[What is being asked]: Without changing a word, copy every line of the listing below and leave out the images.

[Data shown]:

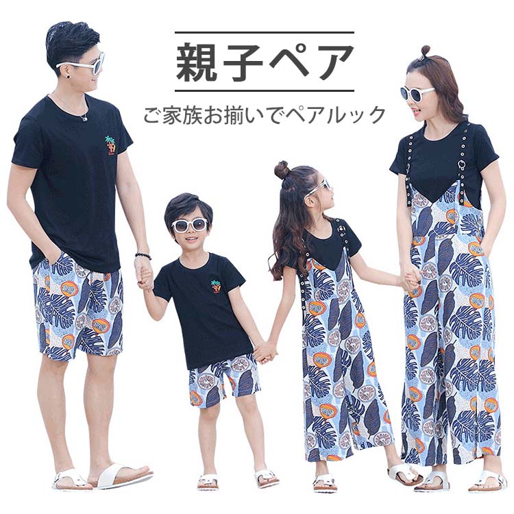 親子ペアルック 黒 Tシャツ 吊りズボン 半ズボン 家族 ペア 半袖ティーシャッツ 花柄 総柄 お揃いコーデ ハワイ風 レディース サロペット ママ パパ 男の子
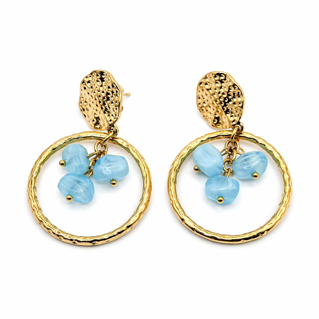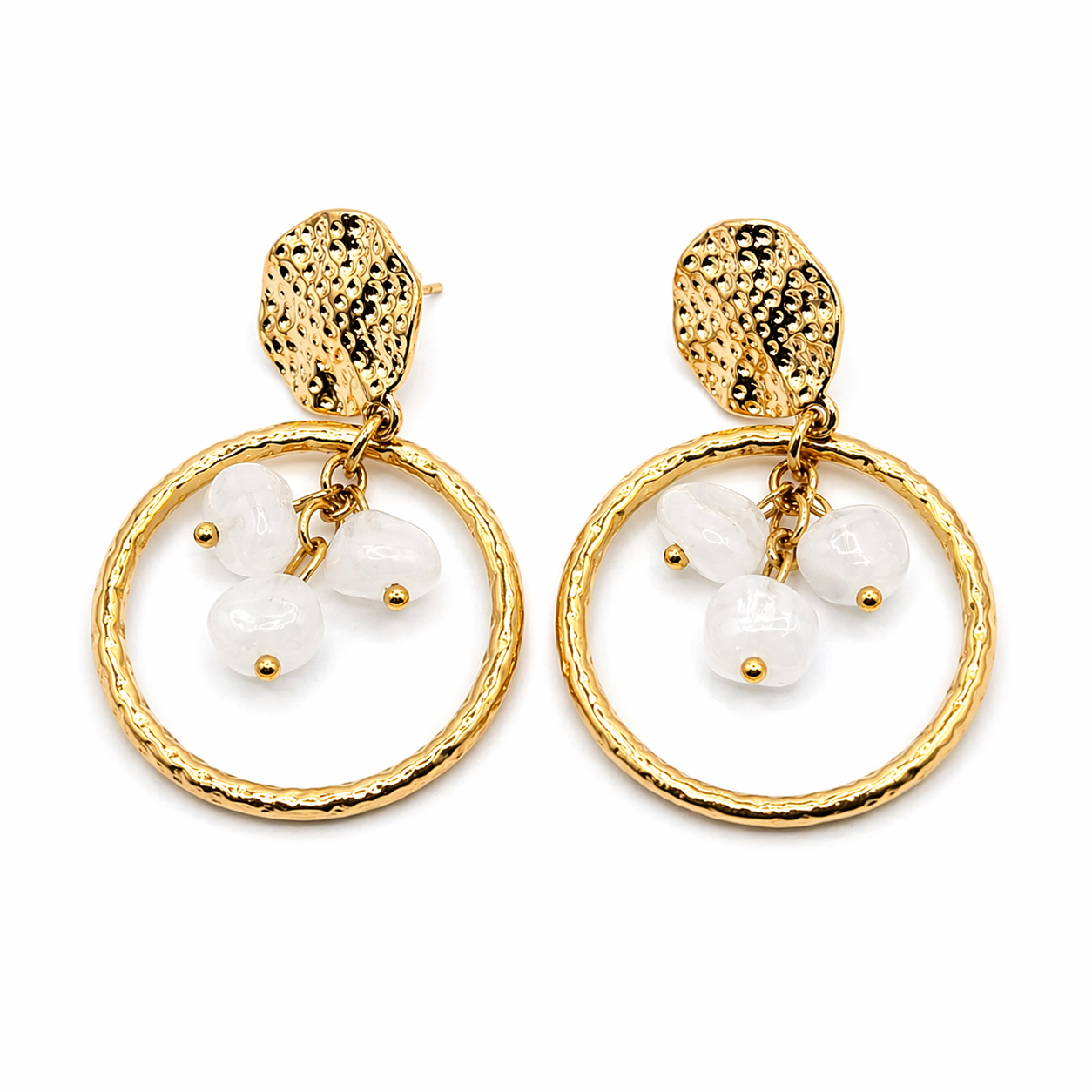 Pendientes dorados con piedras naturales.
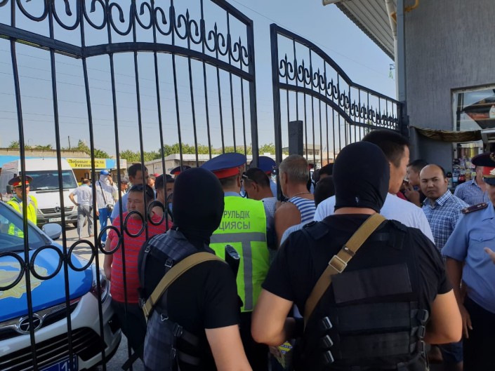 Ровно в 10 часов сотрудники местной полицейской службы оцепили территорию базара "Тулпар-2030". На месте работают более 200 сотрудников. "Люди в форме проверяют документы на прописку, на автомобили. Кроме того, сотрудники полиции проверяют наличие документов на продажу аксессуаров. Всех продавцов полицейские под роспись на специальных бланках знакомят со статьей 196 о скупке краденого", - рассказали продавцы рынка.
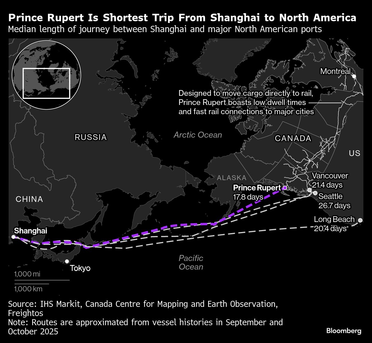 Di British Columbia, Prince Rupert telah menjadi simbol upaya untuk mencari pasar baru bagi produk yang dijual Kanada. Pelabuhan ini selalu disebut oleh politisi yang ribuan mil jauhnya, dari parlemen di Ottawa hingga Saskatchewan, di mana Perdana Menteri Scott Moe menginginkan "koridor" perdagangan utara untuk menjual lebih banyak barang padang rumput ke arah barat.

[Task answer]:
 親子ペアルック 黒 Tシャツ 吊りズボン 半ズボン 家族 ペア 半袖ティーシャッツ 花柄 総柄 お揃いコーデ ハワイ風 レディース サロペット ママ パパ 男の子
 Pendientes dorados con piedras naturales.
 Ровно в 10 часов сотрудники местной полицейской службы оцепили территорию базара "Тулпар-2030". На месте работают более 200 сотрудников. "Люди в форме проверяют документы на прописку, на автомобили. Кроме того, сотрудники полиции проверяют наличие документов на продажу аксессуаров. Всех продавцов полицейские под роспись на специальных бланках знакомят со статьей 196 о скупке краденого", - рассказали продавцы рынка.
 Di British Columbia, Prince Rupert telah menjadi simbol upaya untuk mencari pasar baru bagi produk yang dijual Kanada. Pelabuhan ini selalu disebut oleh politisi yang ribuan mil jauhnya, dari parlemen di Ottawa hingga Saskatchewan, di mana Perdana Menteri Scott Moe menginginkan "koridor" perdagangan utara untuk menjual lebih banyak barang padang rumput ke arah barat.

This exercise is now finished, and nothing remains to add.